Work instruction –
Keep every word of the entries and print them exactly; the pictures stay out.
___ Record set
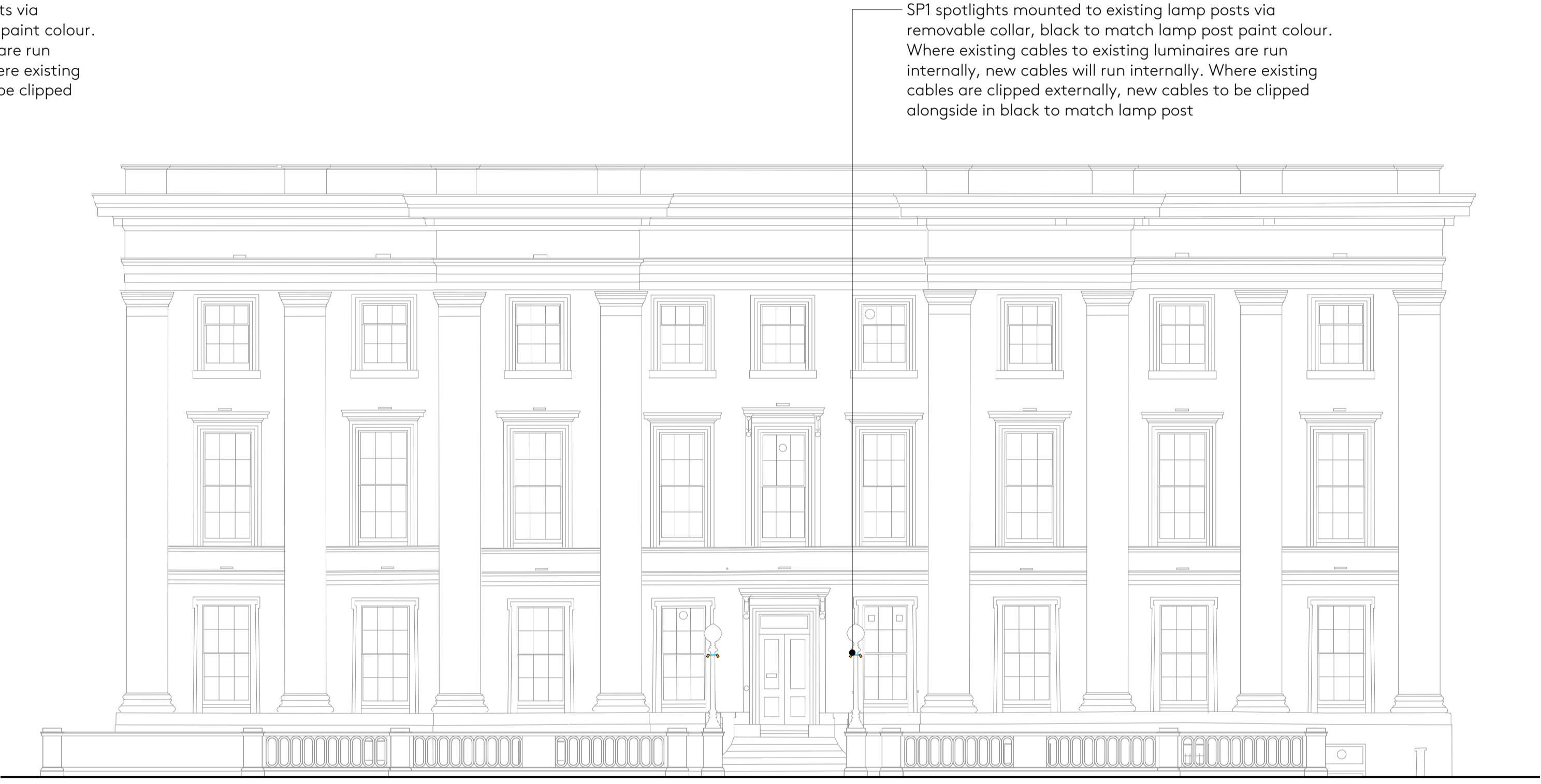
2 East Residence East Elevation - Proposed Scale: 1:100
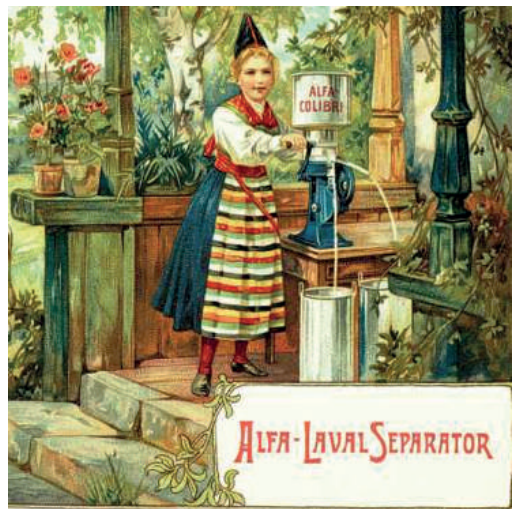
The Separator - Swedish iconic export success.
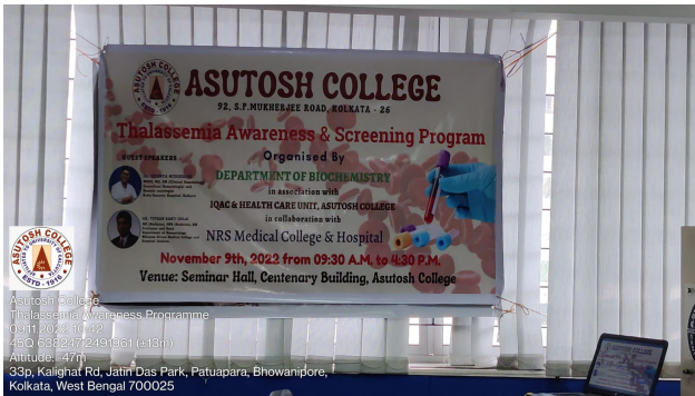
Asutosh College Thalassaemia Awareness Programme 09.11.2022 10:42 45Q 638246 2491961 (±13m) Altitude: -47m 33p, Kallighat Rd, Jatin Das Park, Patuapara, Bhowanipore, Kolkata, West Bengal 700025
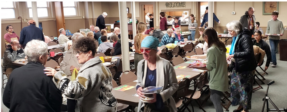
Serving others, and being served. The day was a huge success.
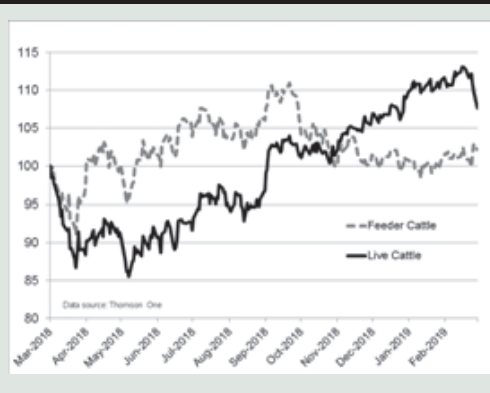
CASH CATTLE INDEX PRICES

Combined, all this report information will affect the cattle market but just to what extent?
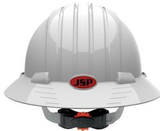
Ratchet for adjustment accessible in the back

BRANDING: Branding with Your Logo is available for a number of P.I.P. products. Call any of our 22 locations for details & information!
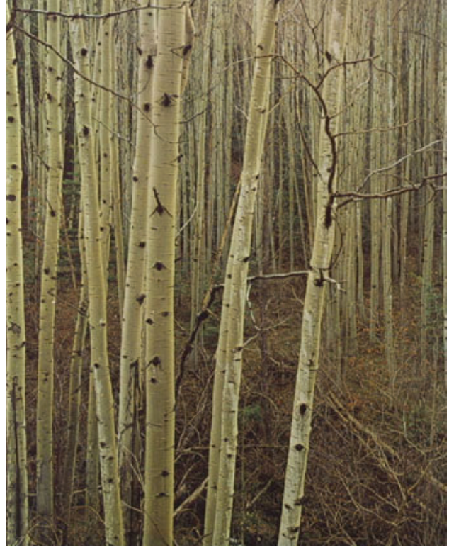
Eliot Porter Aspens in Early Spring, New Mexico, 1957

In the early to mid-twentieth century, photographers including Ansel Adams and Eliot Porter emphasized the beauty of the America landscape using large format cameras and advanced darkroom skills to create highly descriptive photographs that depict an often sublime view of beauty in nature, often by avoiding evidence of what had become by then pervasive human presence in the landscape. In an era of rapid development, their idealized views were often circulated by environmental organizations such as the Sierra Club in efforts celebrate the American landscape and show the public what might be lost if our natural resources are not protected and preserved.
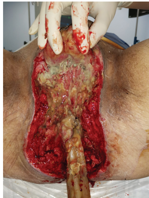
Fig. 2 Hand holding bilateral scrotum up. Persistent soilage of wound.

muscles had to be debrided by the colorectal surgeon (senior author), and resulting in incontinence,
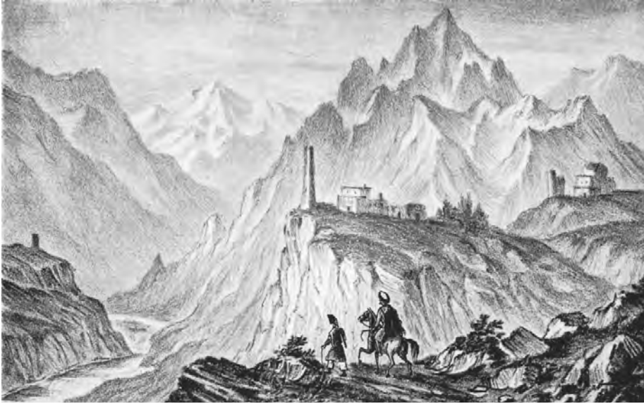
View of Mt. Kreshora from the gorge near Kobi, the Caucasus. Drawing by M. Lermontov.

ization and change after the defeat of Napoleon in 1815.
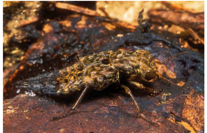
3. Several observed species on cowpats (from upper left and clockwise): adults of Sepsidae, Scathophagidae, Scarabaeidae and Staphylinidae.

3. Enkele waargenomen soorten: imago's van Sepsidae, Scathophagidae, Scarabaeidae en Staphylinidae.
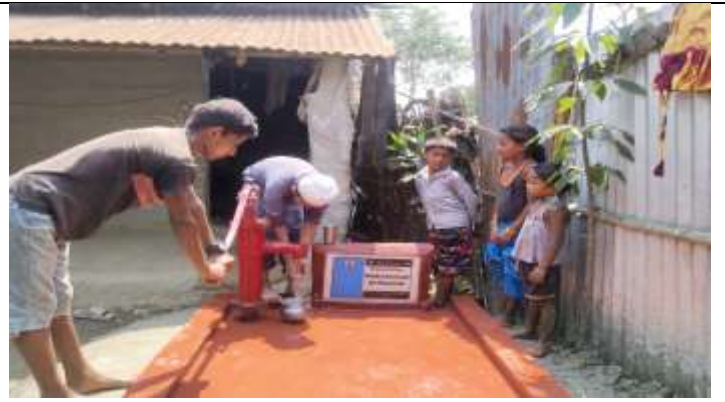
Hand Pump ( Well No:046
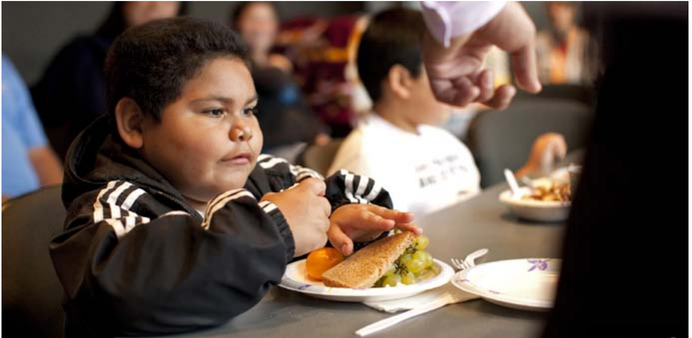
Twenty-nine percent of Mexican children between the ages of 5 and 11 are overweight. At the other end of the scale, two million children are underweight or malnourished.
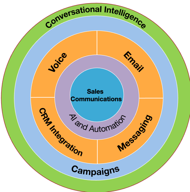
Figure 1: Sales enablement platforms are becoming more intelligent to help teams with productivity and overall engagement.

One of the key things to consider when buying an SEP is not just the ability to share content, but how well the offering works for sales learning. This puts more pressure on buyers to do critical evaluations of vendors. Aragon feels that microlearning is a critical capability for sales learning.
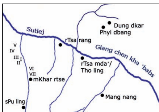
I (Old) Khartse Village (winter place), II Khartse Monastery, III Nyag Cave, IV Brag rdzong Cave, V lCang lo can Cave, VI mKhar rdzong Cave, VII Bar rdzong Cave Map 2. Sites in the Khartse Valley, Western Tibet

The upper southern part of the valley is a high-altitude region (4,300 m) and is the ‘summer place’ ( dbyar sa ) of the local population. It contains the mKhar rdzong (pr. Khardzong) (Map 2: VI) and Bar rdzong (pr. Pardzong) (Map 2: VII) cave sites. The transition between summer and winter place is marked by the seat of three female local deities ( yul lha ).
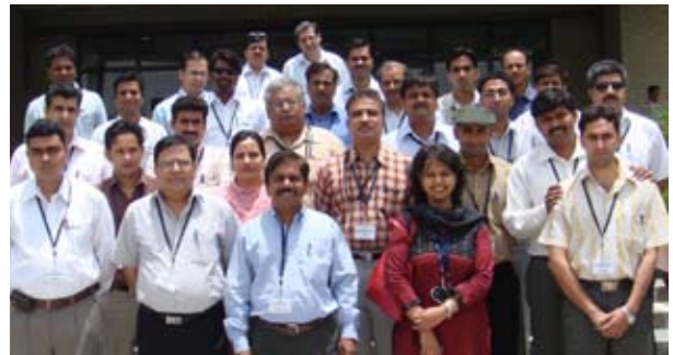
Participants at Samsung during the manufacturing excellence mission

During a one day Manufacturing Excellence Study Mission, 22 professionals from various manufacturing companies across the nation visited the plants of Samsung India Pvt Ltd and Minda Corporation in Noida. These companies have excelled in lean manufacturing.
______
Task response –
2 East Residence East Elevation - Proposed Scale: 1:100
The Separator - Swedish iconic export success.
Asutosh College Thalassaemia Awareness Programme 09.11.2022 10:42 45Q 638246 2491961 (±13m) Altitude: -47m 33p, Kallighat Rd, Jatin Das Park, Patuapara, Bhowanipore, Kolkata, West Bengal 700025
Serving others, and being served. The day was a huge success.
CASH CATTLE INDEX PRICES

Combined, all this report information will affect the cattle market but just to what extent?
Ratchet for adjustment accessible in the back

BRANDING: Branding with Your Logo is available for a number of P.I.P. products. Call any of our 22 locations for details & information!
Eliot Porter Aspens in Early Spring, New Mexico, 1957

In the early to mid-twentieth century, photographers including Ansel Adams and Eliot Porter emphasized the beauty of the America landscape using large format cameras and advanced darkroom skills to create highly descriptive photographs that depict an often sublime view of beauty in nature, often by avoiding evidence of what had become by then pervasive human presence in the landscape. In an era of rapid development, their idealized views were often circulated by environmental organizations such as the Sierra Club in efforts celebrate the American landscape and show the public what might be lost if our natural resources are not protected and preserved.
Fig. 2 Hand holding bilateral scrotum up. Persistent soilage of wound.

muscles had to be debrided by the colorectal surgeon (senior author), and resulting in incontinence,
View of Mt. Kreshora from the gorge near Kobi, the Caucasus. Drawing by M. Lermontov.

ization and change after the defeat of Napoleon in 1815.
3. Several observed species on cowpats (from upper left and clockwise): adults of Sepsidae, Scathophagidae, Scarabaeidae and Staphylinidae.

3. Enkele waargenomen soorten: imago's van Sepsidae, Scathophagidae, Scarabaeidae en Staphylinidae.
Hand Pump ( Well No:046
Twenty-nine percent of Mexican children between the ages of 5 and 11 are overweight. At the other end of the scale, two million children are underweight or malnourished.
Figure 1: Sales enablement platforms are becoming more intelligent to help teams with productivity and overall engagement.

One of the key things to consider when buying an SEP is not just the ability to share content, but how well the offering works for sales learning. This puts more pressure on buyers to do critical evaluations of vendors. Aragon feels that microlearning is a critical capability for sales learning.
I (Old) Khartse Village (winter place), II Khartse Monastery, III Nyag Cave, IV Brag rdzong Cave, V lCang lo can Cave, VI mKhar rdzong Cave, VII Bar rdzong Cave Map 2. Sites in the Khartse Valley, Western Tibet

The upper southern part of the valley is a high-altitude region (4,300 m) and is the ‘summer place’ ( dbyar sa ) of the local population. It contains the mKhar rdzong (pr. Khardzong) (Map 2: VI) and Bar rdzong (pr. Pardzong) (Map 2: VII) cave sites. The transition between summer and winter place is marked by the seat of three female local deities ( yul lha ).
Participants at Samsung during the manufacturing excellence mission

During a one day Manufacturing Excellence Study Mission, 22 professionals from various manufacturing companies across the nation visited the plants of Samsung India Pvt Ltd and Minda Corporation in Noida. These companies have excelled in lean manufacturing.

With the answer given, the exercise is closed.